[Records contained in a dataset]

+ + + + +

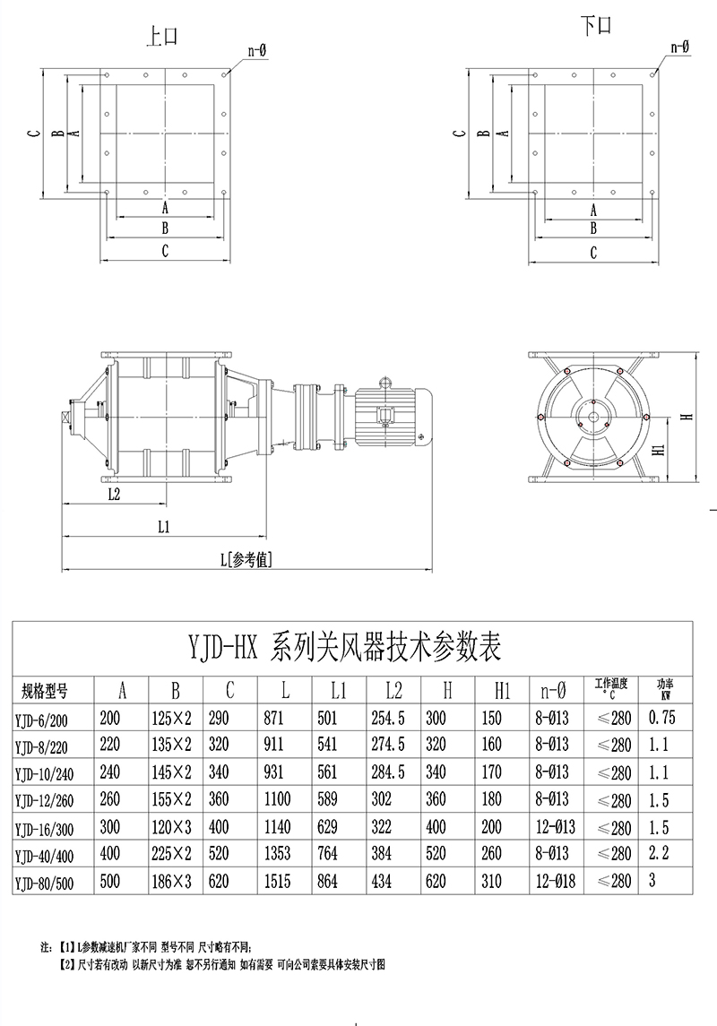 YCD型卸料器結(jié)構(gòu)緊湊,造型美觀,使用方便。運(yùn)轉(zhuǎn)平穩(wěn),噪音低。由于軸承、齒箱離開(kāi)殼體一段距離,對(duì)于高溫、潤(rùn)滑都有較大改善。是為環(huán)保、冶金、化工、糧食、食品等工業(yè)部門(mén)廣泛應(yīng)用。除塵設(shè)備排灰、送風(fēng)和其它設(shè)備給料的主要設(shè)備,適用于粉狀物料和顆料狀物料。 YJD星型卸料器用于安裝在負(fù)壓下工作的卸料器的排料口處,上部接受卸料器排出的物料,依靠旋轉(zhuǎn)的葉輪起著輸送物料的作用,又擔(dān)負(fù)著密封的作用,防止氣力輸送過(guò)程中從排料口吸入空氣,保證卸料器的正常排料。
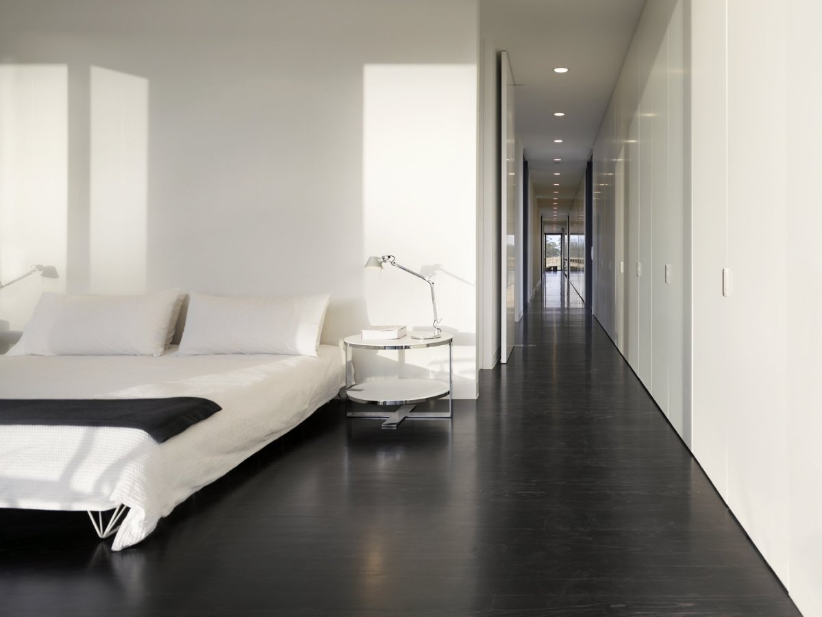 Спальня с темным полом
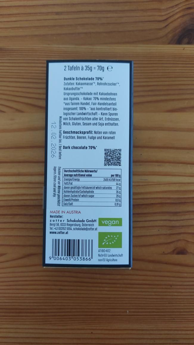 Zotter 70% dark, Uganda
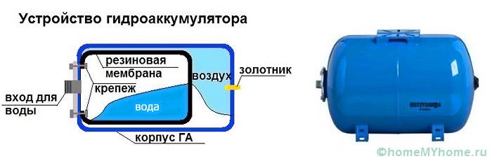 Principalul element de lucru al unui astfel de container este o partiție flexibilă. Dar presiunea inițială din rezervor în sine este creată de pompă. Cu echipamentul adecvat, acesta este controlat de la o telecomandă specială. Datele de la presostat pentru acumulator sunt primite acolo.
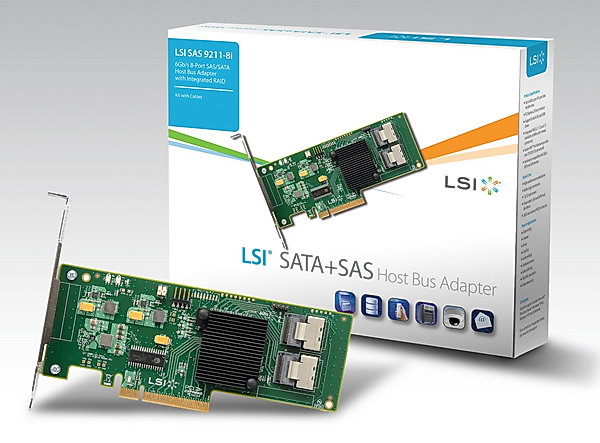 Плата LSI SAS 9211-8i имеет низкий профиль (форм-фактор MD2), оснащена двумя внутренними разъемами Mini-SAS 4X (каждый из них позволяет подключать до четырех SAS-дисков), рассчитана на шину PCI Express x8 2.0 и поддерживает простейшие RAID-массивы уровней 0, 1, 1Е и 10, а также динамическую функциональность SAS, включая dual-port drive redundancy, может работать в общей сложности с 256 физическими дисками SAS и SATA (свыше восьми — через порт-мультипликаторы) и мн. др.
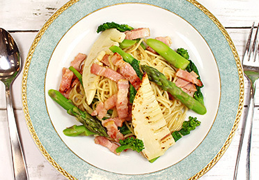 アスパラとたけのこの春野菜ベーコンパスタ
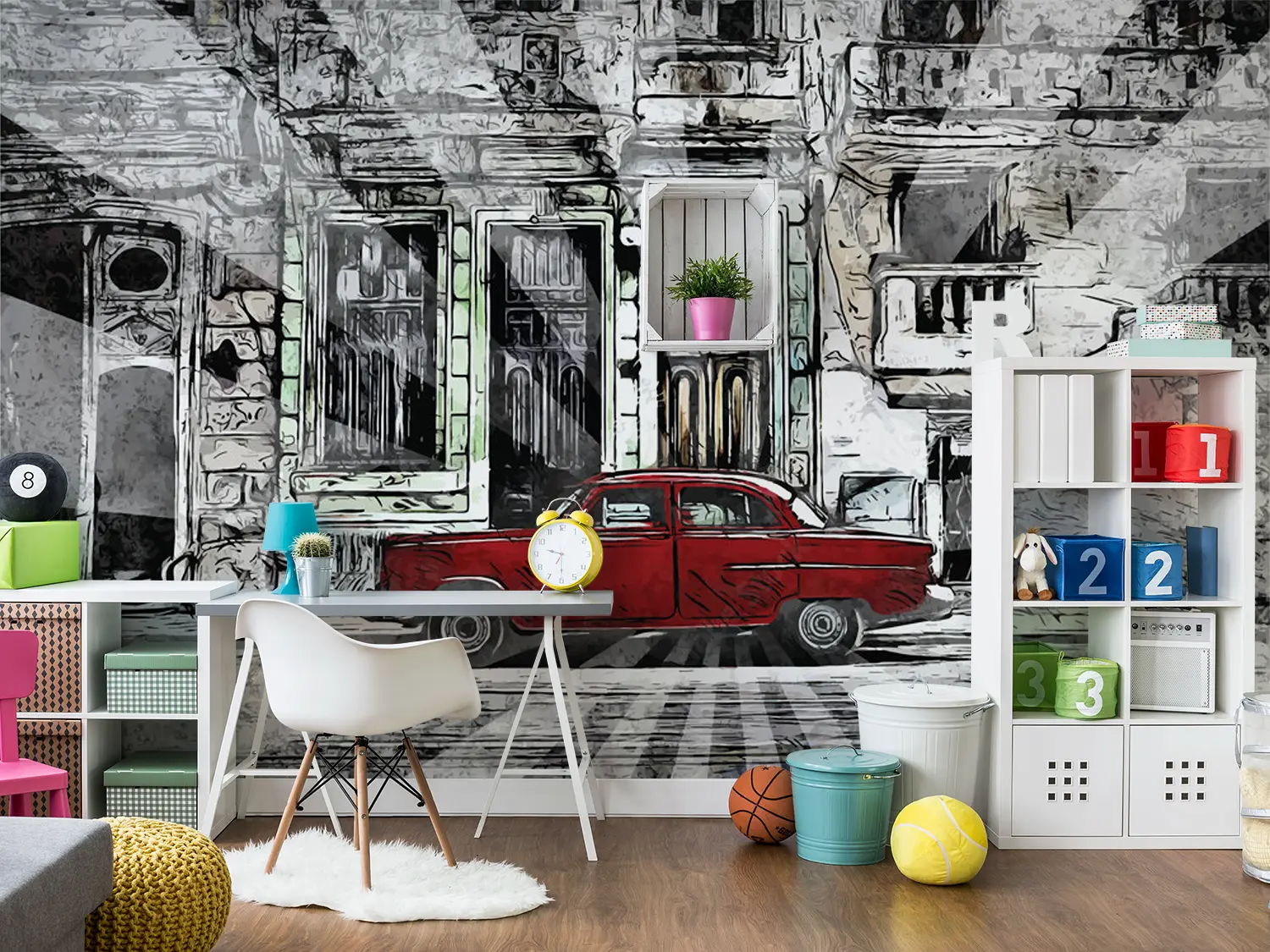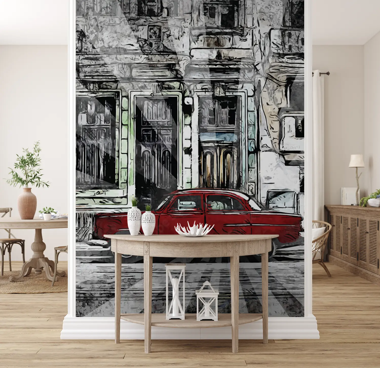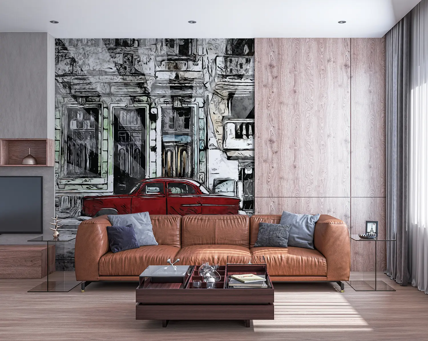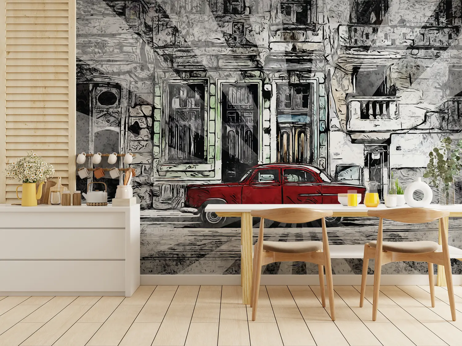Transform your space with this stunning wall art featuring a vibrant red car parked in front of a charming building. The bold colors and intricate details add a touch of sophistication to any room, making it a focal point for conversation and admiration. Complementary colors to consider include black, white, and shades of grey for a modern and stylish look.
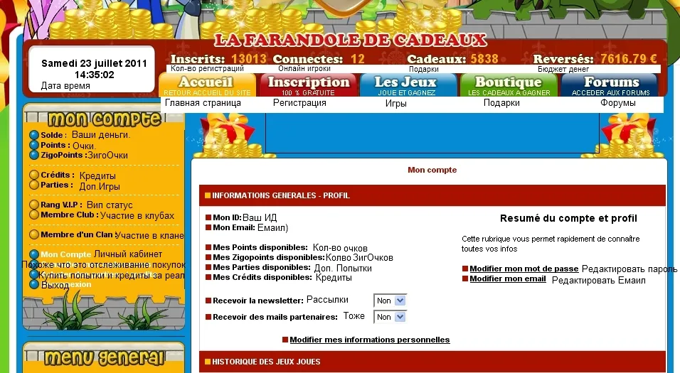 Для того чтобы начать играть перейдем на Страницу игр (Les Jeux)..
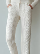 A perfect balance of comfort and luxury, this cable-knit sweater and tapered pants set in classic ivory is the epitome of cozy-chic. Featuring a full-zip front and a ribbed collar, the sweater boasts a relaxed, slightly oversized fit, perfect for layering or wearing on its own for a laid-back yet polished look. The tapered pants are designed to cinch at the ankle, offering a modern silhouette that’s both stylish and flattering.
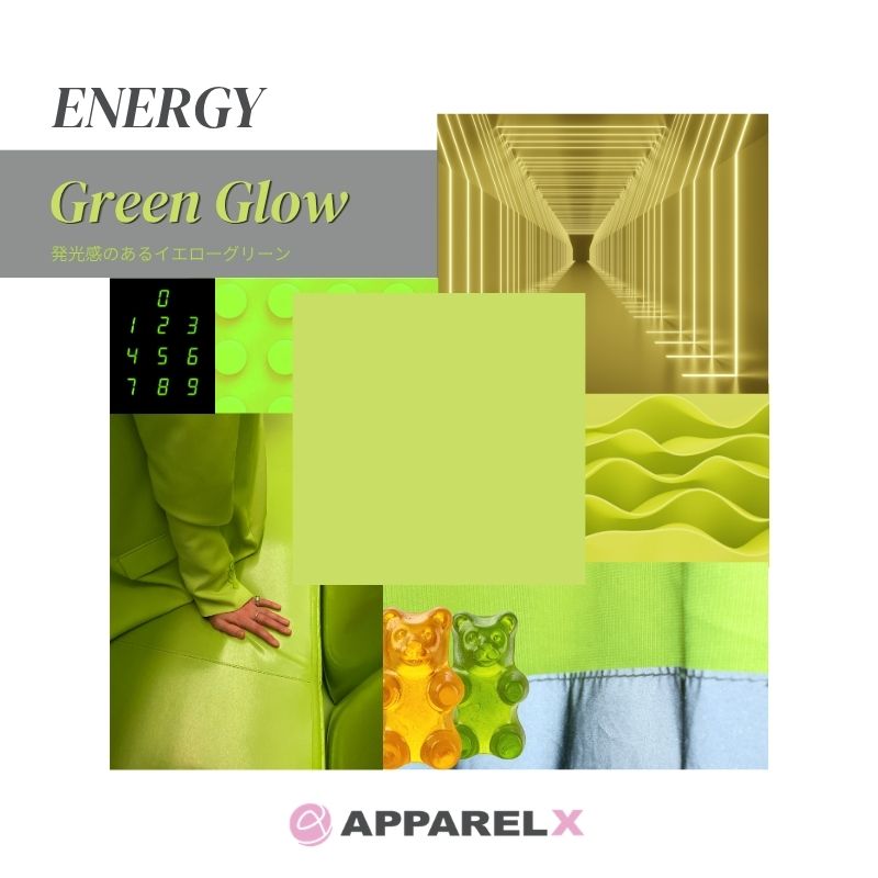 Con le tendenze revival Y2K e Heisei in pieno fermento, questo colore giallo-verde possiede una qualità luminosa che ricorda la luce al neon o fosforescente. La sua vivacità è esaltata se abbinato a materiali leggeri come nylon e taffetà, o a tessuti lucidi. Se accostato a tonalità scure e semplici, potrebbe diventare un colore d'accento di grande effetto per uno stile autunno/inverno più sobrio.
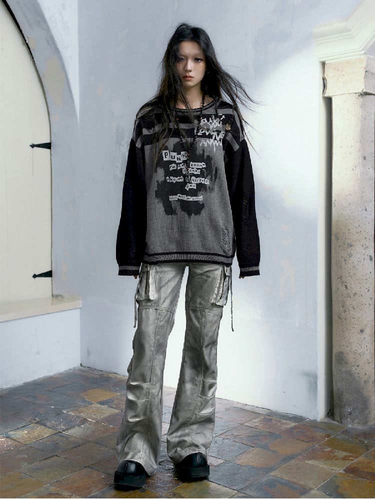 Vintage Dirty Wash Workwear Flared Pants【s0000005237】
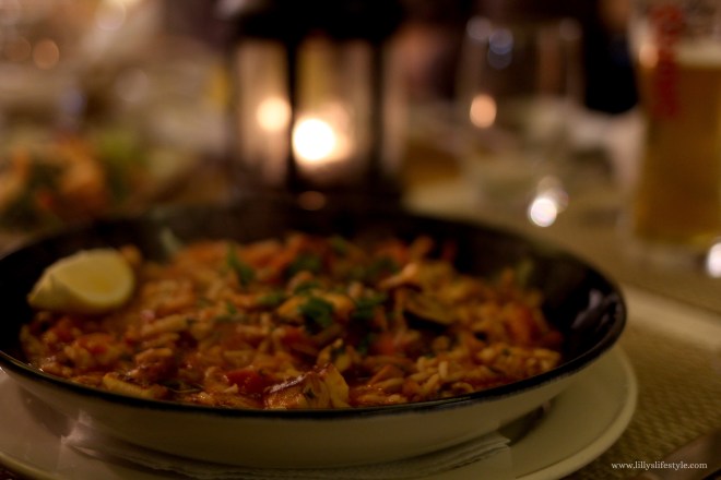 Ci accomodiamo e siamo subito coccolati con l’antipasto di base: le deliziose olive nere marinate e il burro fatto in casa dallo chef. Accompagniamo il tutto da un vino alentejano mentre il vero antipasto sta per arrivare, un piatto di mare e monti: bruschetta di gamberi con formaggio di capra e miele. Mi son fatta consigliare da Jorge, il proprietario del locale, avevo voglia di provare sapori nuovi.
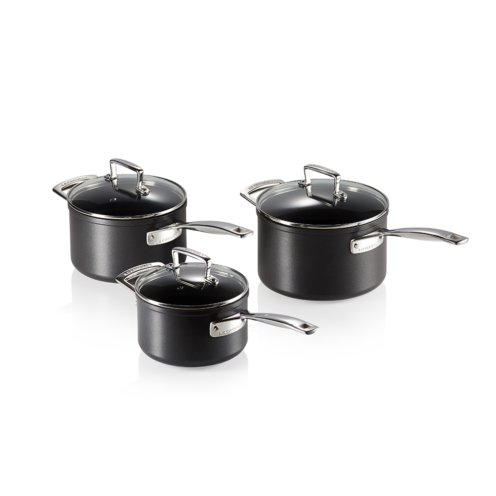 Batteria 3 Casseruole con manico lungo,maniglia e coperchio 16,18,20cm / Prodotti di alta qualità Le Creuset, leader nel settore delle cocotte in ghisa smaltata e alluminio
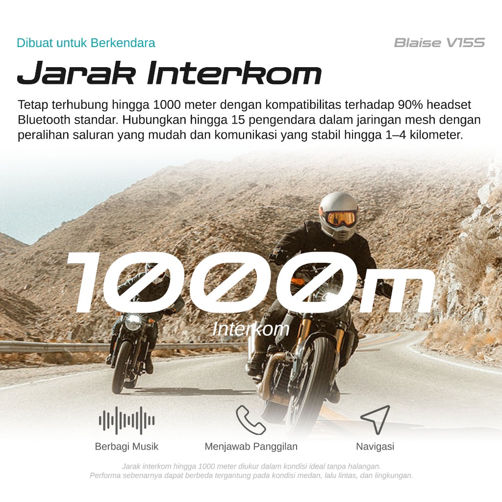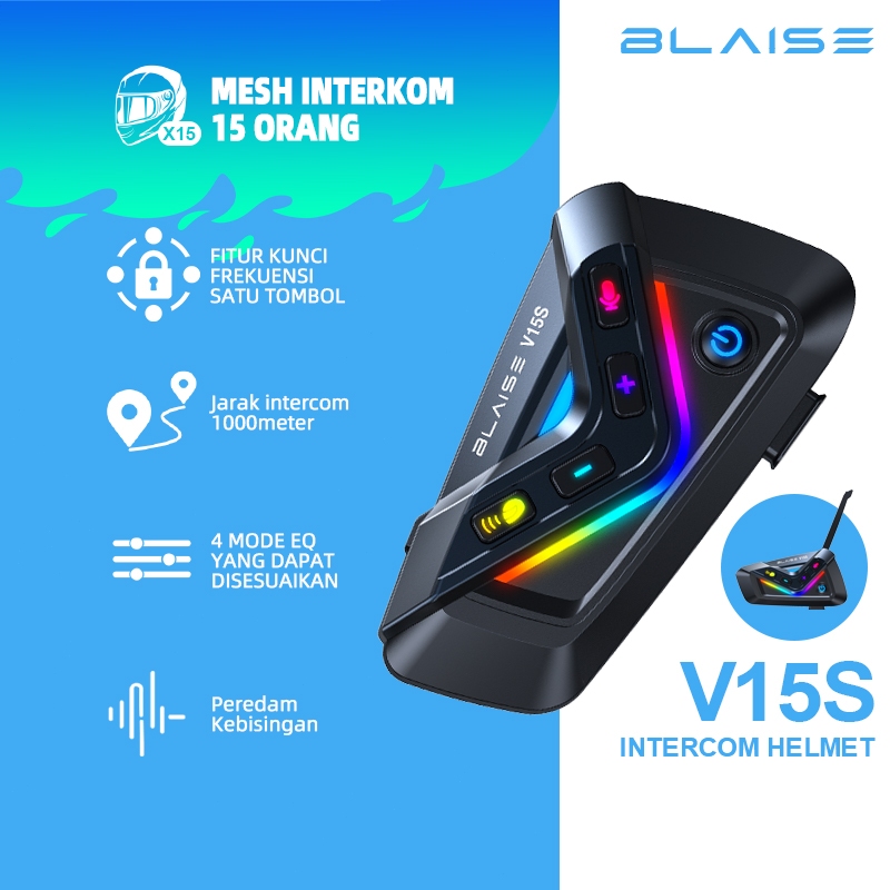 BLAISE V15S Mesh Intercom Headset Sepeda motorcycle Headset Support 15 Riders Musik Share waterproof
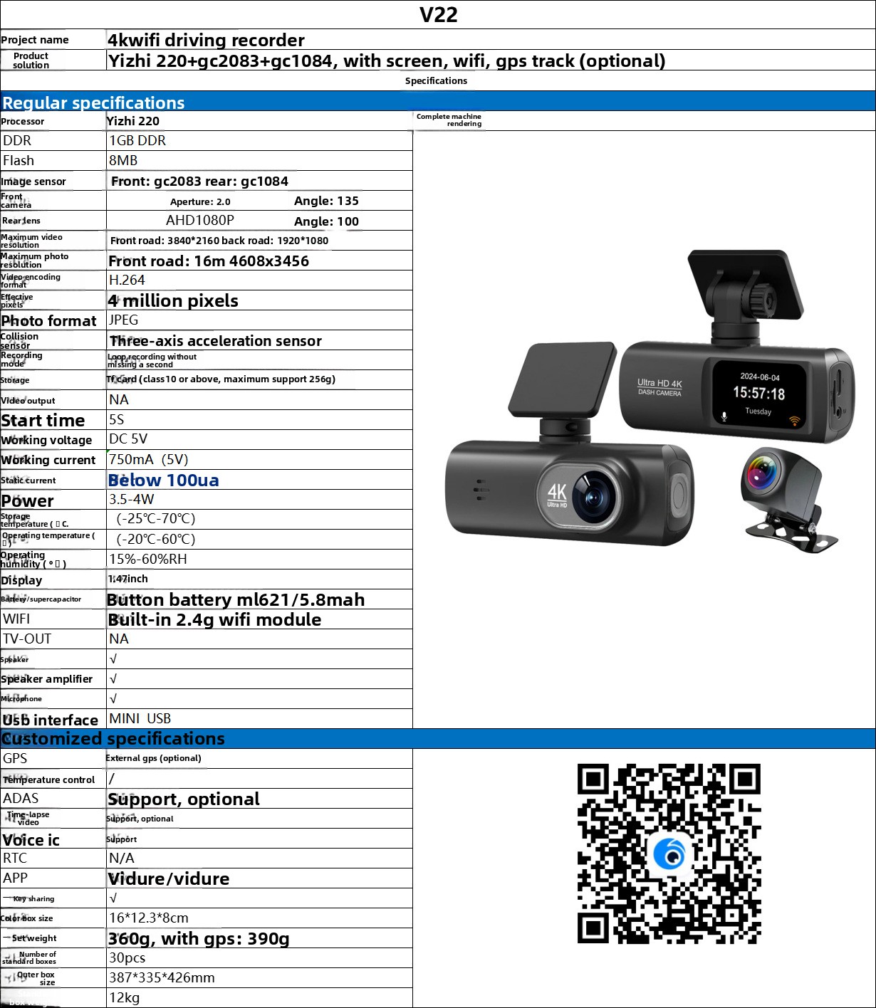 Video Resolution: Front camera 3840×2160, Rear camera 1920×1080

+ + + + +

#### Exercise goal:
Take the lines from the start of the entries through the line containing "Principalul element de" and set them down exactly, leaving out every picture.

#### Your solution:
 YCD型卸料器結(jié)構(gòu)緊湊,造型美觀,使用方便。運(yùn)轉(zhuǎn)平穩(wěn),噪音低。由于軸承、齒箱離開(kāi)殼體一段距離,對(duì)于高溫、潤(rùn)滑都有較大改善。是為環(huán)保、冶金、化工、糧食、食品等工業(yè)部門(mén)廣泛應(yīng)用。除塵設(shè)備排灰、送風(fēng)和其它設(shè)備給料的主要設(shè)備,適用于粉狀物料和顆料狀物料。 YJD星型卸料器用于安裝在負(fù)壓下工作的卸料器的排料口處,上部接受卸料器排出的物料,依靠旋轉(zhuǎn)的葉輪起著輸送物料的作用,又擔(dān)負(fù)著密封的作用,防止氣力輸送過(guò)程中從排料口吸入空氣,保證卸料器的正常排料。
 Спальня с темным полом
 Zotter 70% dark, Uganda
 Principalul element de lucru al unui astfel de container este o partiție flexibilă. Dar presiunea inițială din rezervor în sine este creată de pompă. Cu echipamentul adecvat, acesta este controlat de la o telecomandă specială. Datele de la presostat pentru acumulator sunt primite acolo.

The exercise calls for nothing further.